The workshop is part of CG Week 2017. It takes place on Friday, July 7, from 14:30 - 17:30 in the afternoon (with a break for coffee in the middle). See the CG Week 2017 main page for information about the venue and about other CG Week events.

Tentative Program

Session I: 14:30–16:00

Tamal Dey, Computing medial axis and curve skeleton with Voronoi diagrams

Voronoi diagrams of a set of points in 3D can be thought of as the singularity of the distance function defined with respect to the points. When a sufficiently dense set of points is sampled from a smoothly embedded surface in 3D, this distance function approximates the distance with respect to the surface that is sampled. Consequently, a subcomplex of the Voronoi diagram approximates the medial axis of the surface which is the singularity of this surface distance function. The curve skeleton, a cousin of the medial axis, is intended to capture the `middle' of the shape with only one (curves) and zero (vertices) dimensional elements. We gave a definition of the curve skeleton as the singularity of a distance function called medial geodesic function (MGF) defined on the medial axis. We also showed how one can compute an approximation of this singularity using Voronoi diagrams. In this talk we go over these developments that we proposed more than a decade back.

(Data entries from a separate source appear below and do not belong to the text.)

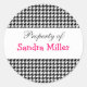 Black and white houndstooth personalized sticker, perfect for labelling books and school supplies!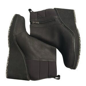 Tom's Waterproof Black Wedge Ankle Leather/Nylon Boots,Zipper closure,NWOB.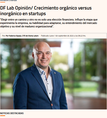 En su columna de opinión titulada “Crecimiento orgánico versus inorgánico en startups”, Federico Espejo, CFO de Visma Latam, analiza las dos principales rutas de expansión empresarial: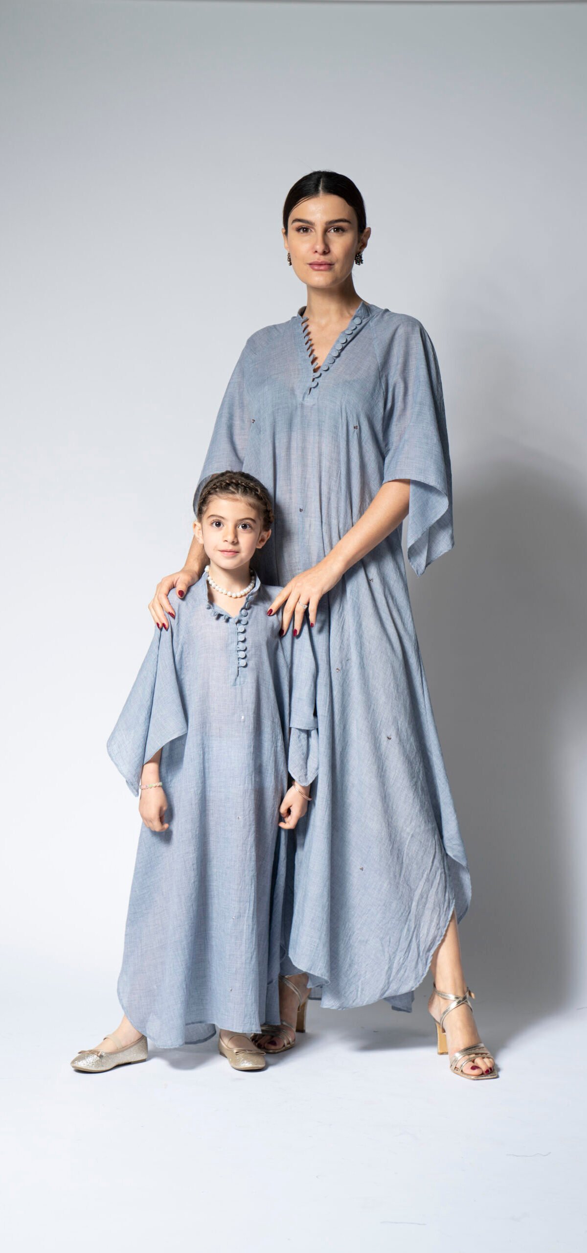 This Girls’ Jalabiya, made from soft and breathable cotton, features vibrant printed fabric and intricate embroidery on the back, creating a unique, classy, and fashionable design. Perfect for festive celebrations, family gatherings, or special occasions, it combines comfort with sophistication. The lightweight cotton ensures ease of movement, while the embroidered back detail adds an elegant touch to this standout piece. A beautiful addition to your little one’s wardrobe!

Mathijs Wintraecken, Manifolds with positive reach: metric distortion, tangent space variation and geodesic convexity

We discuss three results, for two different classes of embedded manifolds: The first class of manifolds consists of closed $C^2$ manifolds $\M$ embedded in $\mathbb{R}^d$. For these we first provide a tight bound on difference between the Euclidean distance and geodesic distance between two points $p$ and $q$ on $\M$. Secondly, we give tight bounds on the angles between the tangent spaces of two points on the $C^2$ manifold $\M$. In both cases we assume that $p$ and $q$ are not too far from each other, where far can be quantified in terms of the reach of the manifold. Thirdly we give a proof that the intersection of a ball in the ambient space $\mathbb{R}^n$ of radius smaller than the reach with the manifold is geodesically convex, in particular it is a topological ball. Our first exposition of the first two results is based on differential geometry and is a consequence of combining (and sometimes simplifying) the work of Niyogi, Smale, and Weinberger, and the two dimensional analysis of Attali, Edelsbrunner, and Mileyko with the work of Federer. The result on convexity is new, and generalizes the pseudo-ball property of Boissonnat and Oudot. We then give elementary proofs of slightly weaker versions of the previous results, with the exception of convexity (we can prove a weaker result, namely that the intersection is a topological ball). The proofs are elementary in the sense that no differential geometry is required, although some topology is used. Our elementary approach goes through with some modification for $C^{1,1}$ manifolds.

Session II: 16:30–18:00

David Letcher, On the Stability of the Medial Axis of a Union of Balls in the Plane

We examine the stability of a the medial axis for a union of disks in the plane as the centers and radii of the disks vary continuously. If extra restrictions are place on the disks then the medial axis is stable. Without these conditions we show that if the medial axis is pruned by one of four significance measures (circumradius, erosion thickness, object angle or potential residue) then it is stable under motions of the disks. We will briefly discuss conjectures about the stability of the pruned medial axis in a 3-dimensional union of balls.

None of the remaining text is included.